THE RECORDS:
·····

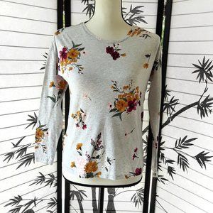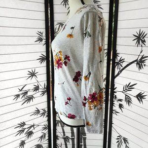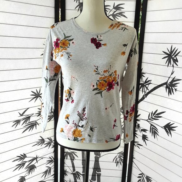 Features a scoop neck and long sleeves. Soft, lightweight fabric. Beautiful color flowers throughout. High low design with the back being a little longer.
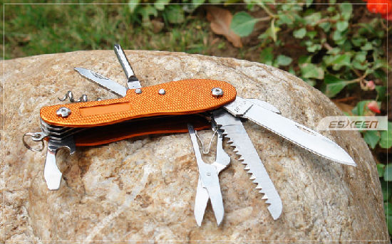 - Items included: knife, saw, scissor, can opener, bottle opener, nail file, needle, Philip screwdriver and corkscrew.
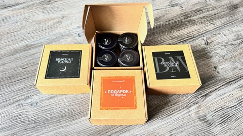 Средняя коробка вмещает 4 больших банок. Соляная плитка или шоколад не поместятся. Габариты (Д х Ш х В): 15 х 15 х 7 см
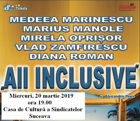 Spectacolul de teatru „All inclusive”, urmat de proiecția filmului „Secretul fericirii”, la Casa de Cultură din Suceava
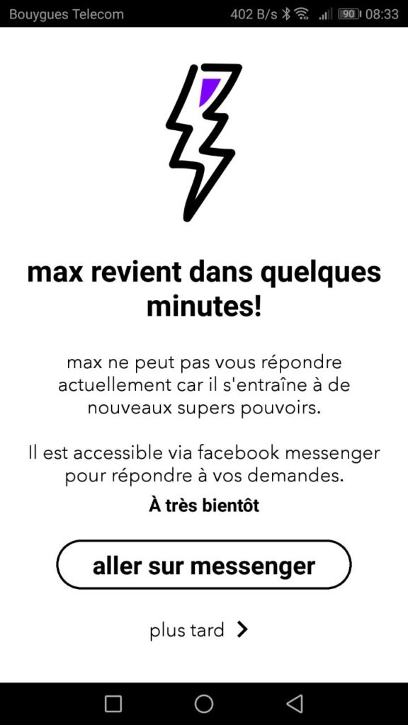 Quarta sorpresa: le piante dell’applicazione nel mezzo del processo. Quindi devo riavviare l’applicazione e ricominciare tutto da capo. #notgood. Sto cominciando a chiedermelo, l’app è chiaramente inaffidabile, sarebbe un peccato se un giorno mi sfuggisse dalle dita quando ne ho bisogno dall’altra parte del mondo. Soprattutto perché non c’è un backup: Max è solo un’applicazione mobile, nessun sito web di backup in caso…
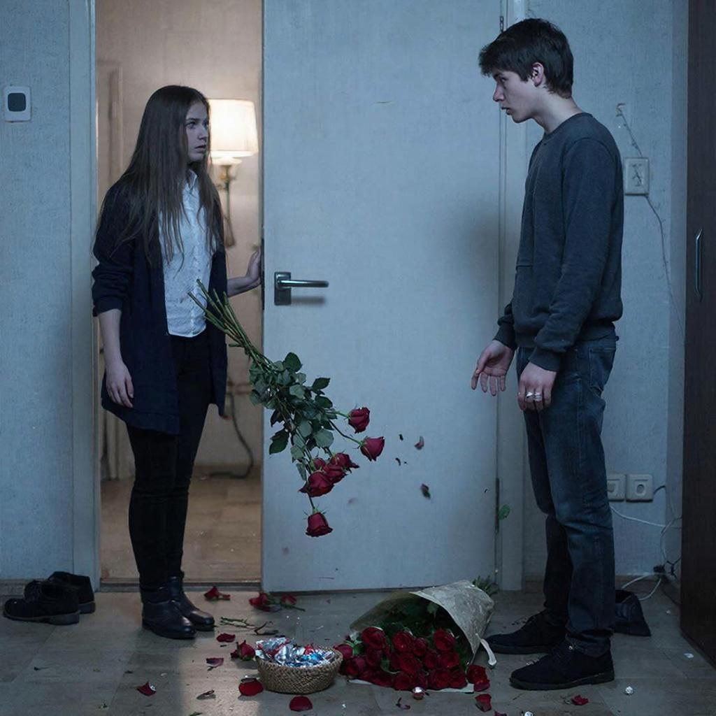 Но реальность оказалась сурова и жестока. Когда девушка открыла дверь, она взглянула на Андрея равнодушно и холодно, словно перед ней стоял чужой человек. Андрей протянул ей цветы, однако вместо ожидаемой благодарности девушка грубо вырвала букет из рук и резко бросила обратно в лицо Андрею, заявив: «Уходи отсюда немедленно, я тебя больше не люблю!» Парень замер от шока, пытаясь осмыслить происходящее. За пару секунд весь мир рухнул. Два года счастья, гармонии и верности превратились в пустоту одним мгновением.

·····

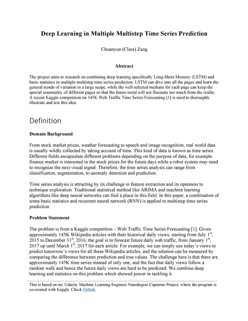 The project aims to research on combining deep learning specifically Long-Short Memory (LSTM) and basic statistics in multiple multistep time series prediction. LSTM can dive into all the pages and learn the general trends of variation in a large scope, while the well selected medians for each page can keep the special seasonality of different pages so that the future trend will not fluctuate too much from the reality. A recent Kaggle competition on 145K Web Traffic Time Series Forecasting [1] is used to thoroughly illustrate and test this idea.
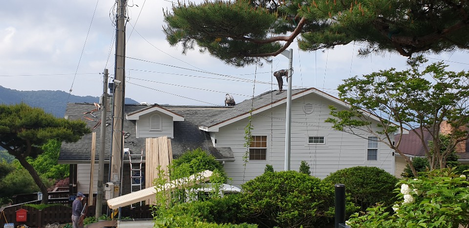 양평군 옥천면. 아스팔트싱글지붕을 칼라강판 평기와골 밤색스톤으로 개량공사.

·····

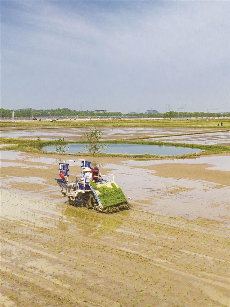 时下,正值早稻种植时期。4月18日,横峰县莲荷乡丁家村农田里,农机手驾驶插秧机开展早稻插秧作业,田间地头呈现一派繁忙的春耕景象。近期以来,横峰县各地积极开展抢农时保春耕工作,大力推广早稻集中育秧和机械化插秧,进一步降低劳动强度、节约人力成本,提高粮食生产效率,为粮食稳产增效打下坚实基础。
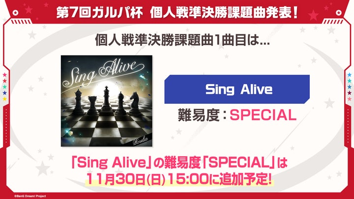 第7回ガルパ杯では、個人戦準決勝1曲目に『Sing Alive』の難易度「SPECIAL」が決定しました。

·····

PROBLEM TO WORK ON: Of the lines above, copy only those from the one holding "The project aims" to the one holding "양평군 옥천면. 아스팔트싱글지붕을 칼라강판 평기와골 밤색스톤으로 개량공사.", both included, and exclude every image.

EXPECTED ANSWER:
 The project aims to research on combining deep learning specifically Long-Short Memory (LSTM) and basic statistics in multiple multistep time series prediction. LSTM can dive into all the pages and learn the general trends of variation in a large scope, while the well selected medians for each page can keep the special seasonality of different pages so that the future trend will not fluctuate too much from the reality. A recent Kaggle competition on 145K Web Traffic Time Series Forecasting [1] is used to thoroughly illustrate and test this idea.
 양평군 옥천면. 아스팔트싱글지붕을 칼라강판 평기와골 밤색스톤으로 개량공사.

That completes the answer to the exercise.